### YOUR GOAL
Please reproduce all of the data exactly as it appears, but skip the pictures.

### SUPPLIED INFORMATION
-------

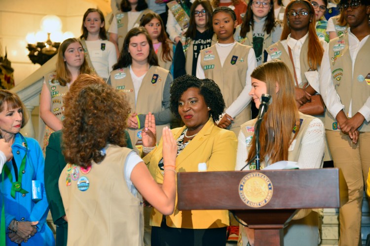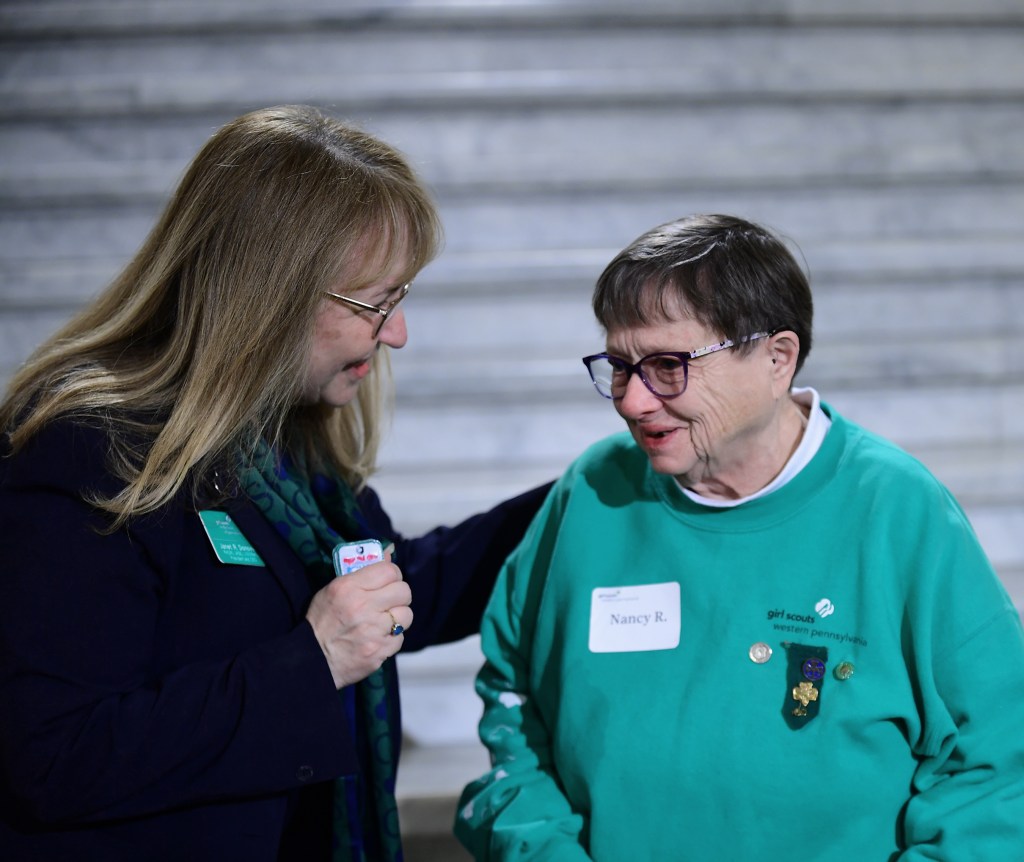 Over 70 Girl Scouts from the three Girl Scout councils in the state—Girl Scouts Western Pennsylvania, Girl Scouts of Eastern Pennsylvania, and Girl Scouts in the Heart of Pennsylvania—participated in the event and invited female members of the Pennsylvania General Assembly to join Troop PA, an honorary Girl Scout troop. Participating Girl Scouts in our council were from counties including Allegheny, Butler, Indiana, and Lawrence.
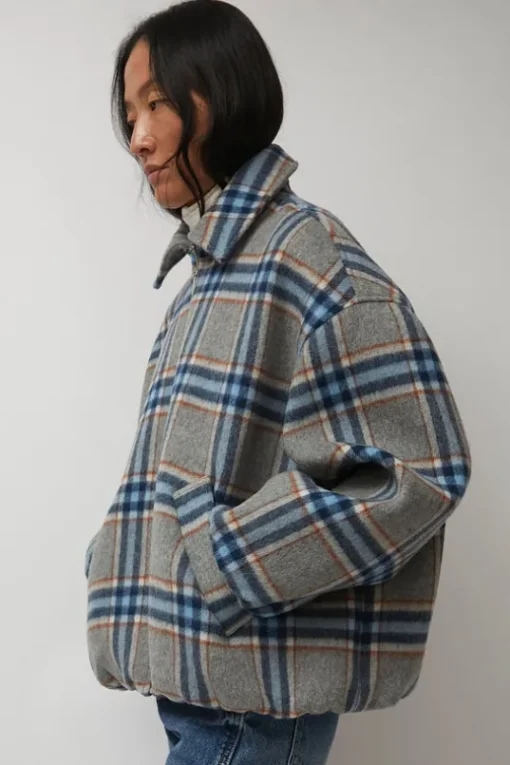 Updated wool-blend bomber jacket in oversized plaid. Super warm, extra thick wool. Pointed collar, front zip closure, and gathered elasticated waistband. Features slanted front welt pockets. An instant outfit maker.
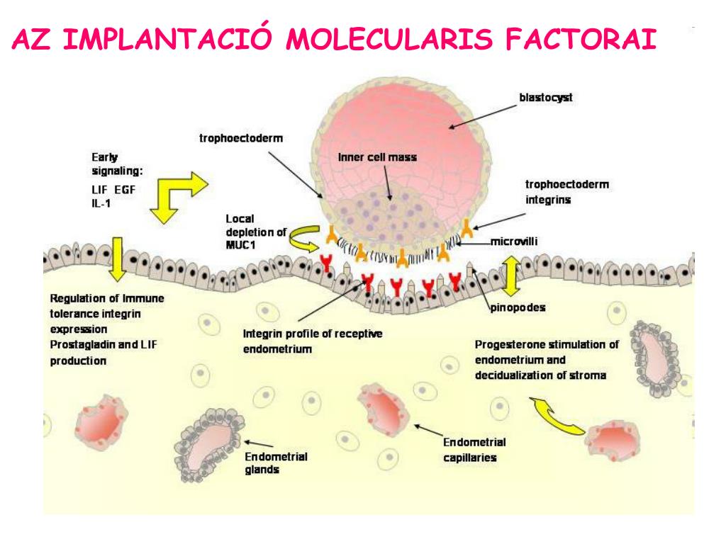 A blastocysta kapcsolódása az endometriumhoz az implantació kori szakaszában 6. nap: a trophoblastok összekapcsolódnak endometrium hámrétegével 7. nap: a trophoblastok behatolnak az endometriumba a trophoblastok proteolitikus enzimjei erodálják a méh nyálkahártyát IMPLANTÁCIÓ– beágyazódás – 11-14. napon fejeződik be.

-------

### YOUR RESPONSE
 Over 70 Girl Scouts from the three Girl Scout councils in the state—Girl Scouts Western Pennsylvania, Girl Scouts of Eastern Pennsylvania, and Girl Scouts in the Heart of Pennsylvania—participated in the event and invited female members of the Pennsylvania General Assembly to join Troop PA, an honorary Girl Scout troop. Participating Girl Scouts in our council were from counties including Allegheny, Butler, Indiana, and Lawrence.
 Updated wool-blend bomber jacket in oversized plaid. Super warm, extra thick wool. Pointed collar, front zip closure, and gathered elasticated waistband. Features slanted front welt pockets. An instant outfit maker.
 A blastocysta kapcsolódása az endometriumhoz az implantació kori szakaszában 6. nap: a trophoblastok összekapcsolódnak endometrium hámrétegével 7. nap: a trophoblastok behatolnak az endometriumba a trophoblastok proteolitikus enzimjei erodálják a méh nyálkahártyát IMPLANTÁCIÓ– beágyazódás – 11-14. napon fejeződik be.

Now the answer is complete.